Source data

________________________

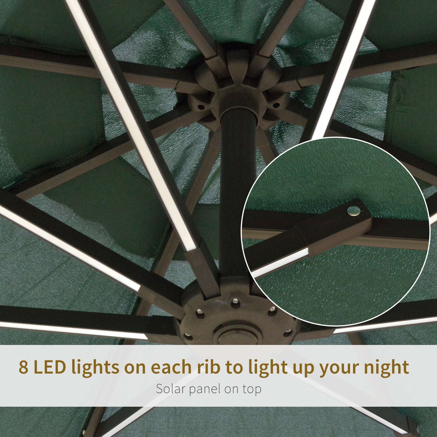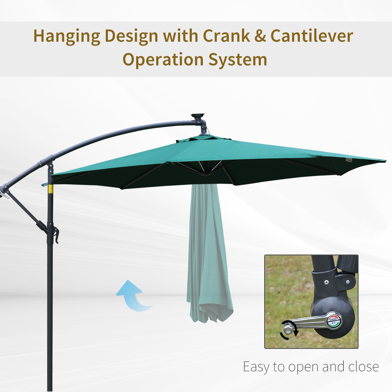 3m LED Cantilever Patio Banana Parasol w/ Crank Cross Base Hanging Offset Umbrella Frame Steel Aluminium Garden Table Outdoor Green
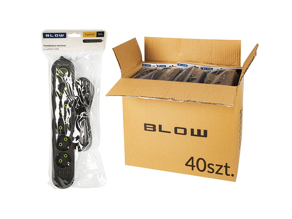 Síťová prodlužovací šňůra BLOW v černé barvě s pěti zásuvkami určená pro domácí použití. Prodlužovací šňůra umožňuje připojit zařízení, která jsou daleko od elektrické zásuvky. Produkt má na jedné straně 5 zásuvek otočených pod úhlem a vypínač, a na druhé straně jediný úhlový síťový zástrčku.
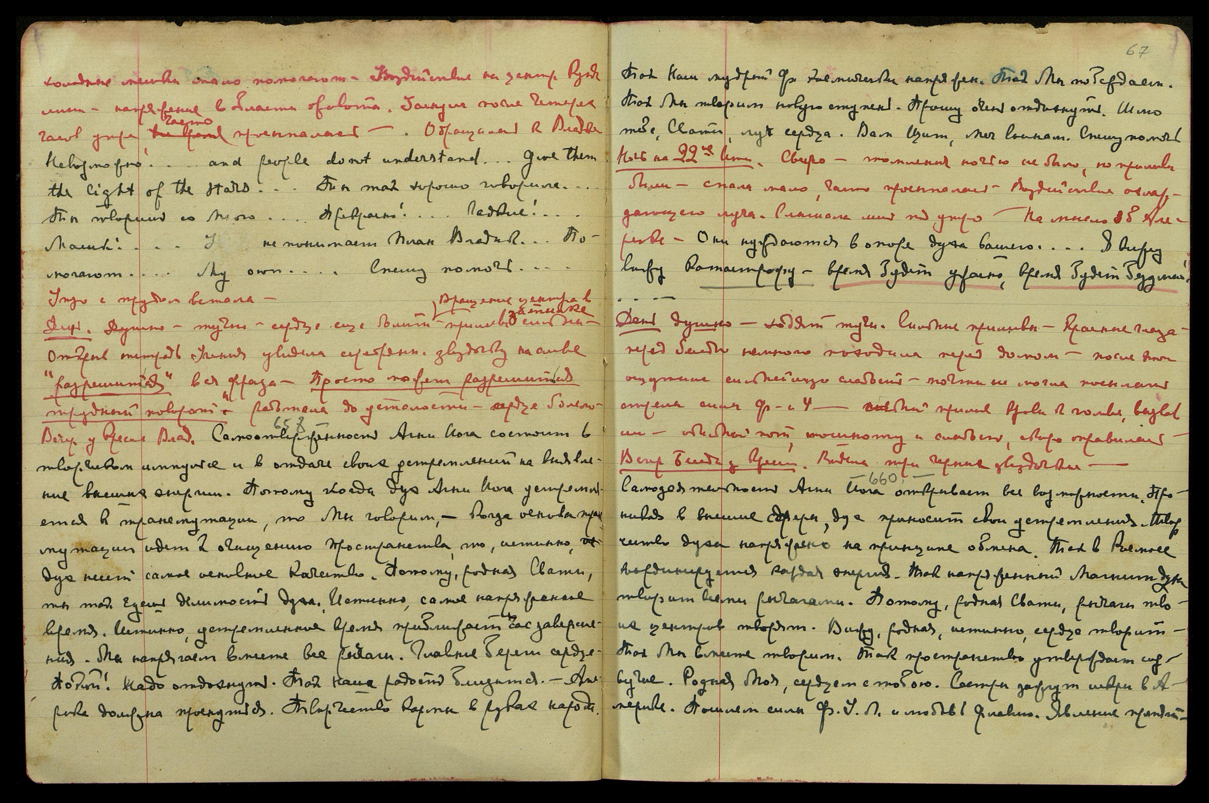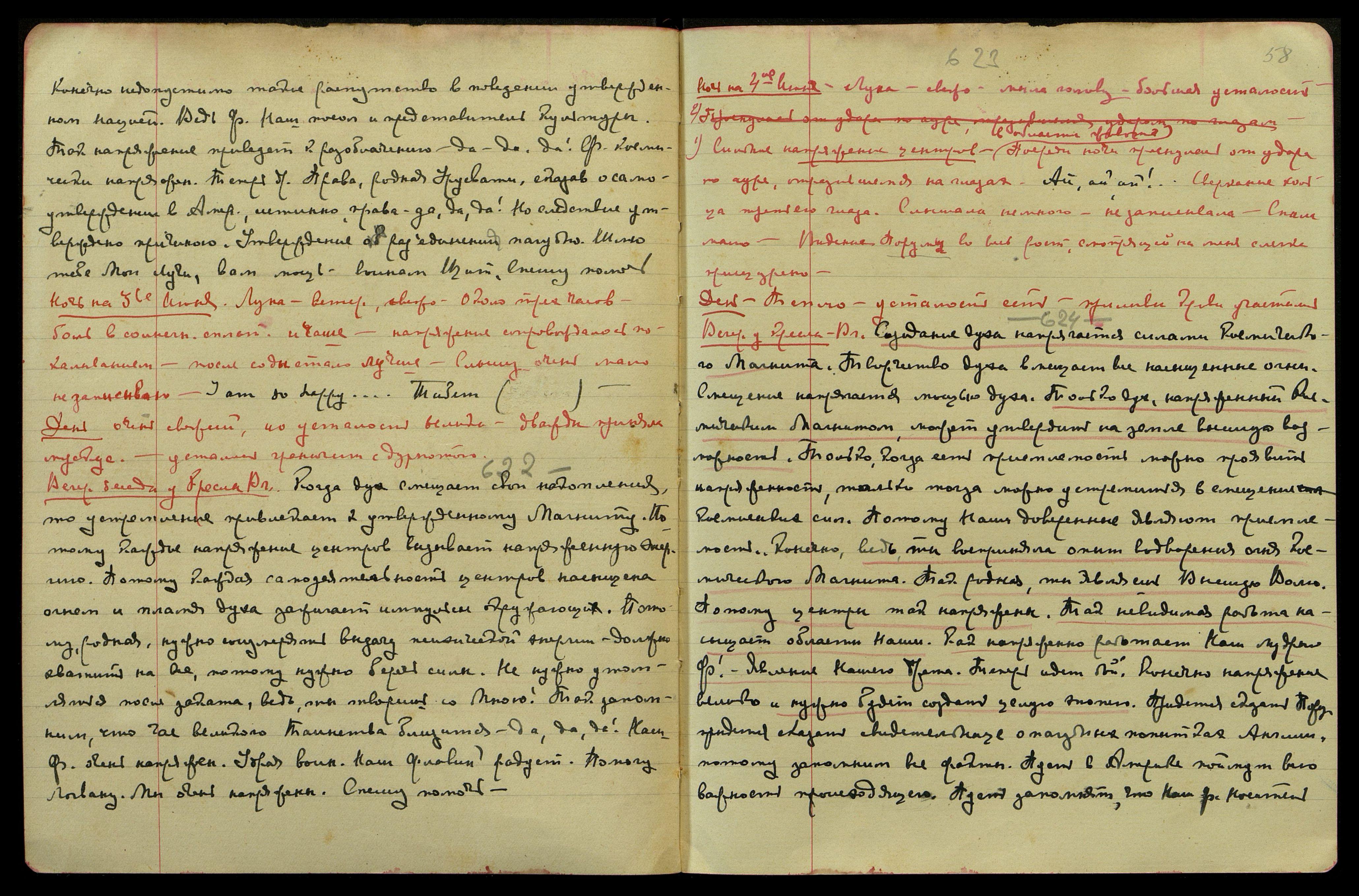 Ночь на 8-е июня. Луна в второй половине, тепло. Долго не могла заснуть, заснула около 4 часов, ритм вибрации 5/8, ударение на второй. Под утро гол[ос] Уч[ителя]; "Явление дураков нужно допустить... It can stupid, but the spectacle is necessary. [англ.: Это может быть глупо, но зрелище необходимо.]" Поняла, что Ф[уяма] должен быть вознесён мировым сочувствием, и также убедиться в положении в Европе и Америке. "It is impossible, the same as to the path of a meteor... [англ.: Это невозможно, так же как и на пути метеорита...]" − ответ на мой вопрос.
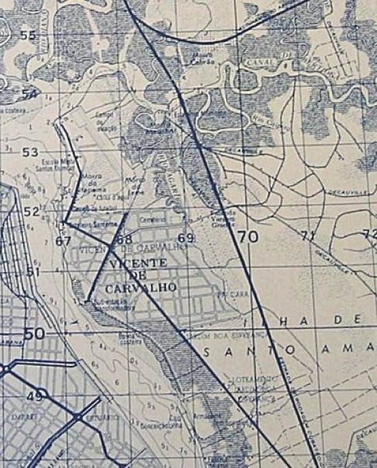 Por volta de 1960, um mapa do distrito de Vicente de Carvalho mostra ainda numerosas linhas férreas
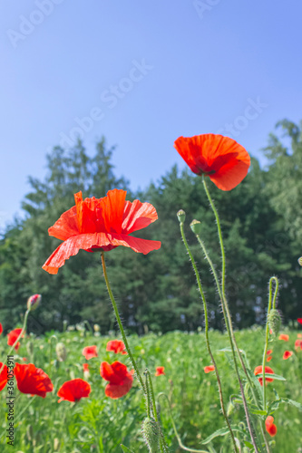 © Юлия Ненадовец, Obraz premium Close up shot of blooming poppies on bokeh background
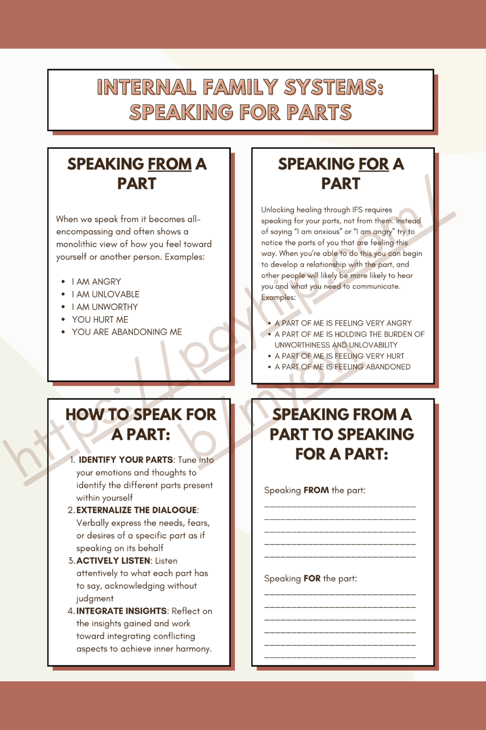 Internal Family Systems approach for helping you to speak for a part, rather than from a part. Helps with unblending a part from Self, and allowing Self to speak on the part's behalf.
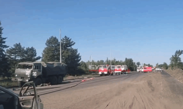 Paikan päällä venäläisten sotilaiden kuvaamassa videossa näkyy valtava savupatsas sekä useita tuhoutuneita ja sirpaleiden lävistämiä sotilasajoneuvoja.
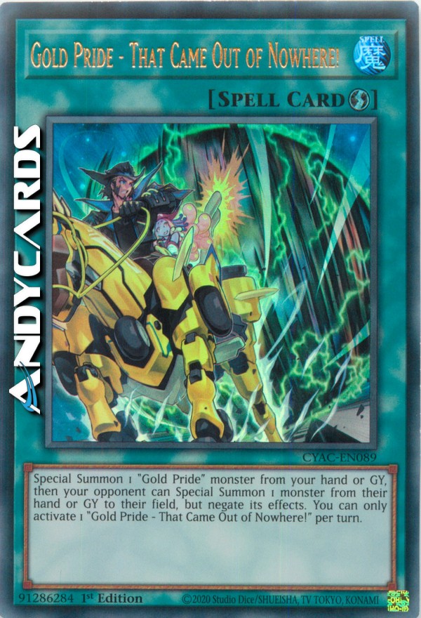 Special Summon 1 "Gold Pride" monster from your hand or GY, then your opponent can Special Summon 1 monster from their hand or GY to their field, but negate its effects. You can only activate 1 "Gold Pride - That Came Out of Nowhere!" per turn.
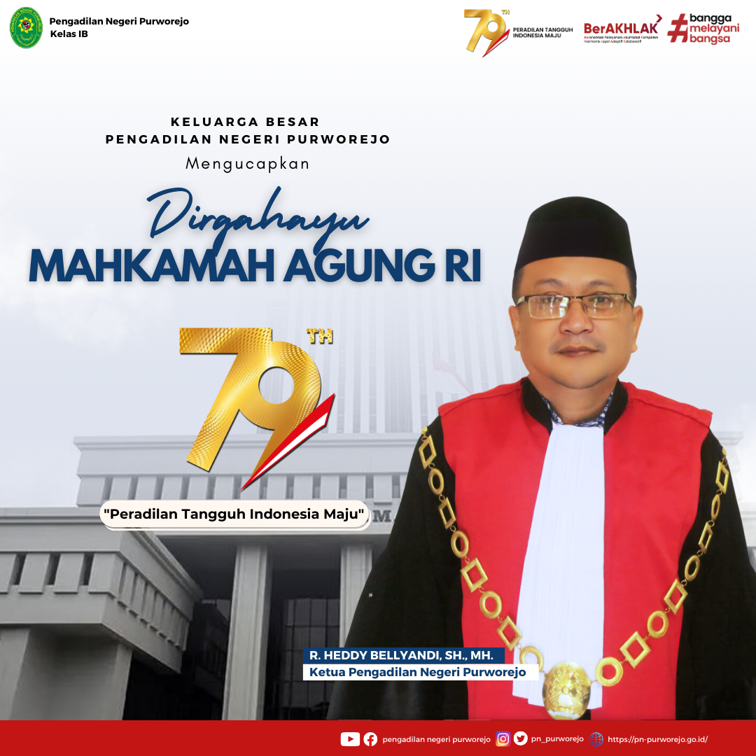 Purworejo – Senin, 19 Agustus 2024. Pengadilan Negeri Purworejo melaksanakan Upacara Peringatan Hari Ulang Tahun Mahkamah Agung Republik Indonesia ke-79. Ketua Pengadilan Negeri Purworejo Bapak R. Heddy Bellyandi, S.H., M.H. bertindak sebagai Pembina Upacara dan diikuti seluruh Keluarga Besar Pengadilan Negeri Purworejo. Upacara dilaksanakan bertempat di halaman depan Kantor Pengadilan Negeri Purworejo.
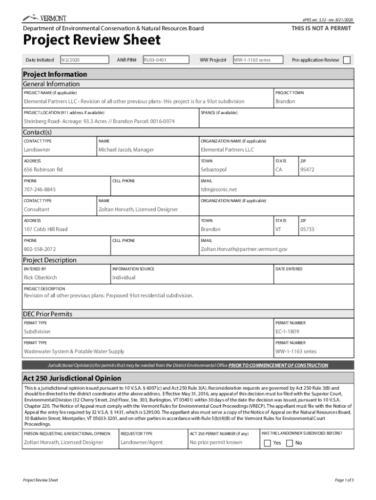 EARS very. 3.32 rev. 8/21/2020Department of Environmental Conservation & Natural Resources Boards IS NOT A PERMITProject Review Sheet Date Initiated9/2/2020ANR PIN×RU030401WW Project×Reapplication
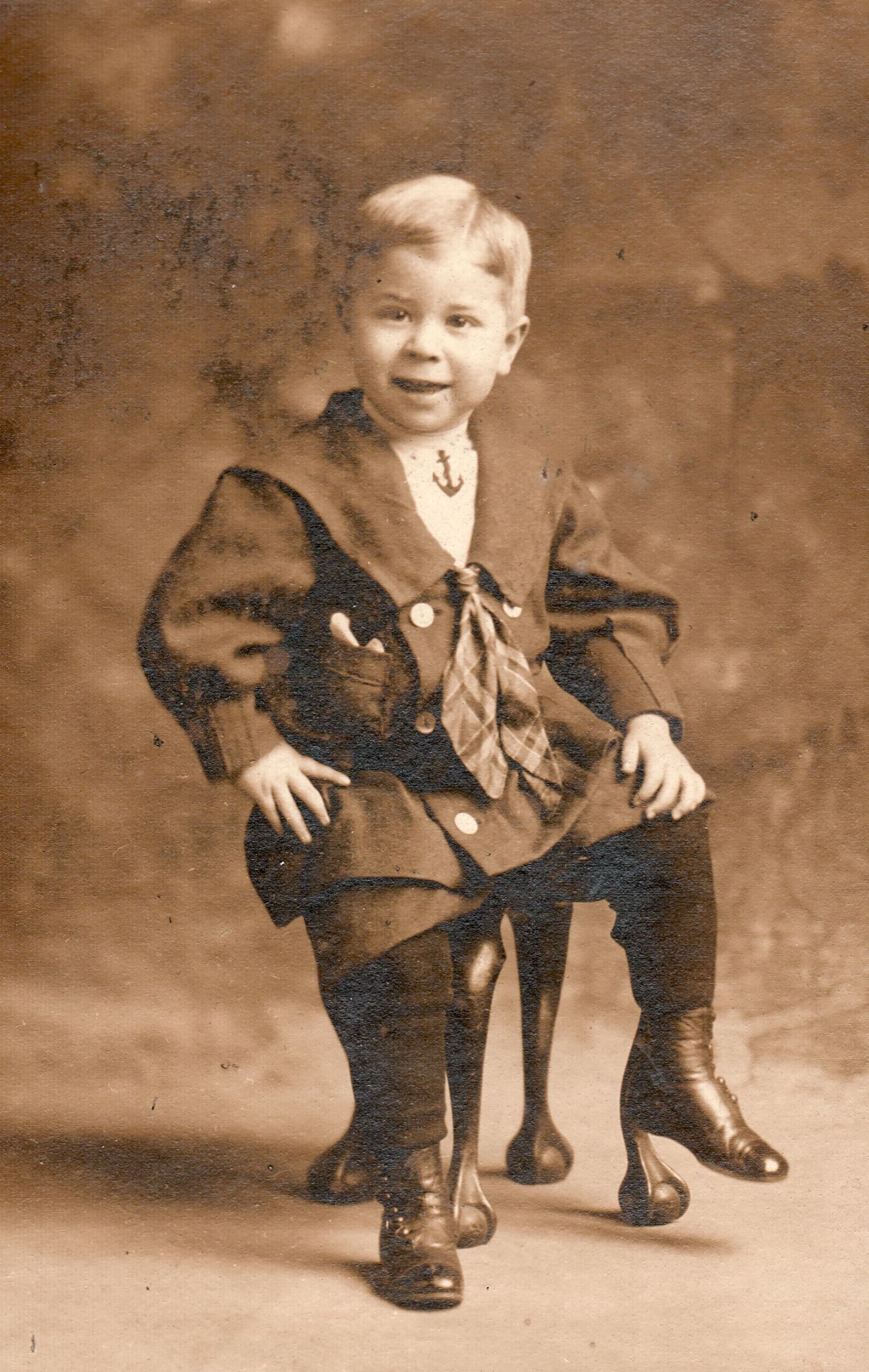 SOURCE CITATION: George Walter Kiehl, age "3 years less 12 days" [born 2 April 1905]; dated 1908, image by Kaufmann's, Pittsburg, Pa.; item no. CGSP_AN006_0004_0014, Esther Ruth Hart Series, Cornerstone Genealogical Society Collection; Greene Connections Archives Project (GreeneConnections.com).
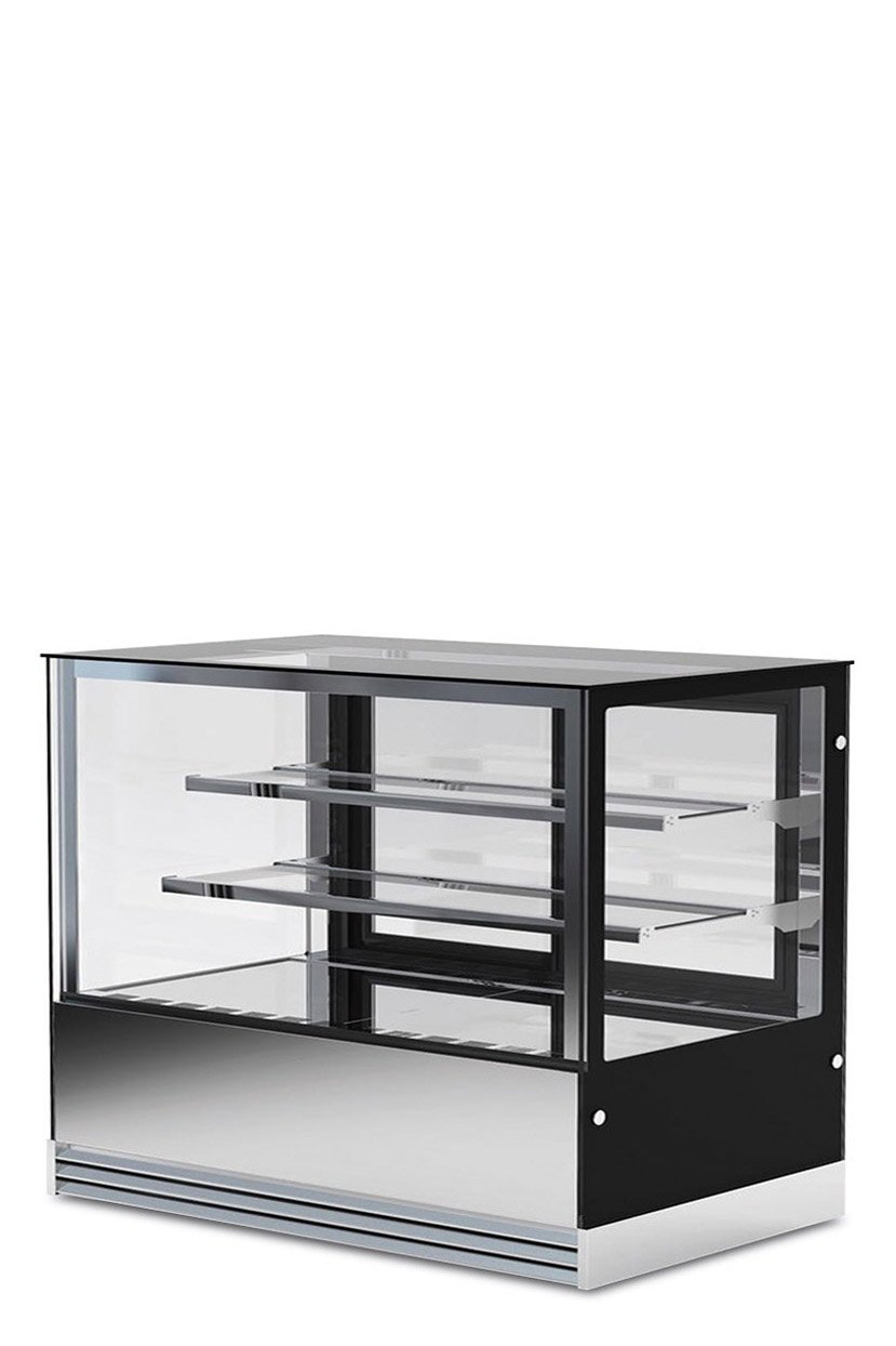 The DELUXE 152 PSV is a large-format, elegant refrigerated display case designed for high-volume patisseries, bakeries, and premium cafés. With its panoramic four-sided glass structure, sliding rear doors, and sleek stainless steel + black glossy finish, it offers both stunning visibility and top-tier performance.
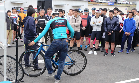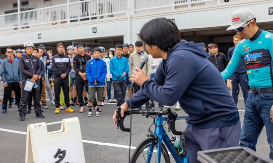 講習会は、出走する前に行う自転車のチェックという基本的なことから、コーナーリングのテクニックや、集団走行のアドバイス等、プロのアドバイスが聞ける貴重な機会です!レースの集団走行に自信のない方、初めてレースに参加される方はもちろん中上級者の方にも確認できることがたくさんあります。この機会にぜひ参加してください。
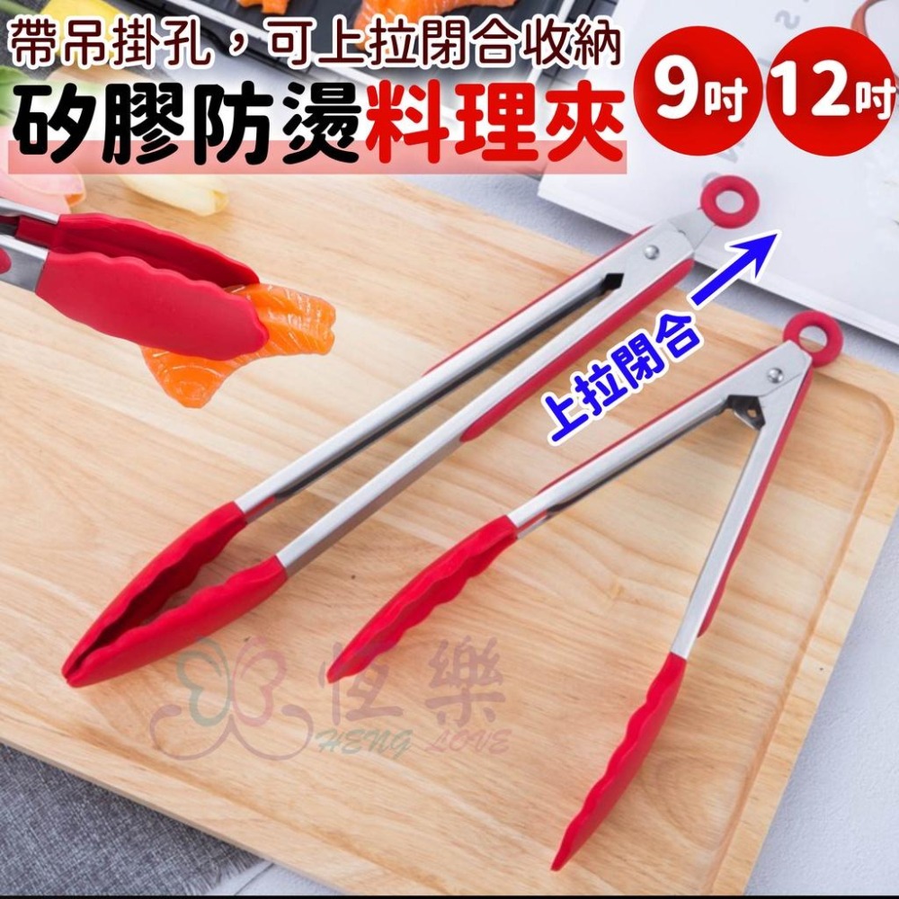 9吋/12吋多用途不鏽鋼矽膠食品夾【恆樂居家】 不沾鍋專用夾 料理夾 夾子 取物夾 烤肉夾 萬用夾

________________________

» **EXERCISE PROMPT**:
Quote word for word only the lines above from the one containing "Ночь на 8-е" through the one containing "EARS very. 3.32". Pictures stay out of your copy.

» **EXPECTED ANSWER**:
 Ночь на 8-е июня. Луна в второй половине, тепло. Долго не могла заснуть, заснула около 4 часов, ритм вибрации 5/8, ударение на второй. Под утро гол[ос] Уч[ителя]; "Явление дураков нужно допустить... It can stupid, but the spectacle is necessary. [англ.: Это может быть глупо, но зрелище необходимо.]" Поняла, что Ф[уяма] должен быть вознесён мировым сочувствием, и также убедиться в положении в Европе и Америке. "It is impossible, the same as to the path of a meteor... [англ.: Это невозможно, так же как и на пути метеорита...]" − ответ на мой вопрос.
 Por volta de 1960, um mapa do distrito de Vicente de Carvalho mostra ainda numerosas linhas férreas
 © Юлия Ненадовец, Obraz premium Close up shot of blooming poppies on bokeh background
 Internal Family Systems approach for helping you to speak for a part, rather than from a part. Helps with unblending a part from Self, and allowing Self to speak on the part's behalf.
 Paikan päällä venäläisten sotilaiden kuvaamassa videossa näkyy valtava savupatsas sekä useita tuhoutuneita ja sirpaleiden lävistämiä sotilasajoneuvoja.
 Special Summon 1 "Gold Pride" monster from your hand or GY, then your opponent can Special Summon 1 monster from their hand or GY to their field, but negate its effects. You can only activate 1 "Gold Pride - That Came Out of Nowhere!" per turn.
 Purworejo – Senin, 19 Agustus 2024. Pengadilan Negeri Purworejo melaksanakan Upacara Peringatan Hari Ulang Tahun Mahkamah Agung Republik Indonesia ke-79. Ketua Pengadilan Negeri Purworejo Bapak R. Heddy Bellyandi, S.H., M.H. bertindak sebagai Pembina Upacara dan diikuti seluruh Keluarga Besar Pengadilan Negeri Purworejo. Upacara dilaksanakan bertempat di halaman depan Kantor Pengadilan Negeri Purworejo.
 EARS very. 3.32 rev. 8/21/2020Department of Environmental Conservation & Natural Resources Boards IS NOT A PERMITProject Review Sheet Date Initiated9/2/2020ANR PIN×RU030401WW Project×Reapplication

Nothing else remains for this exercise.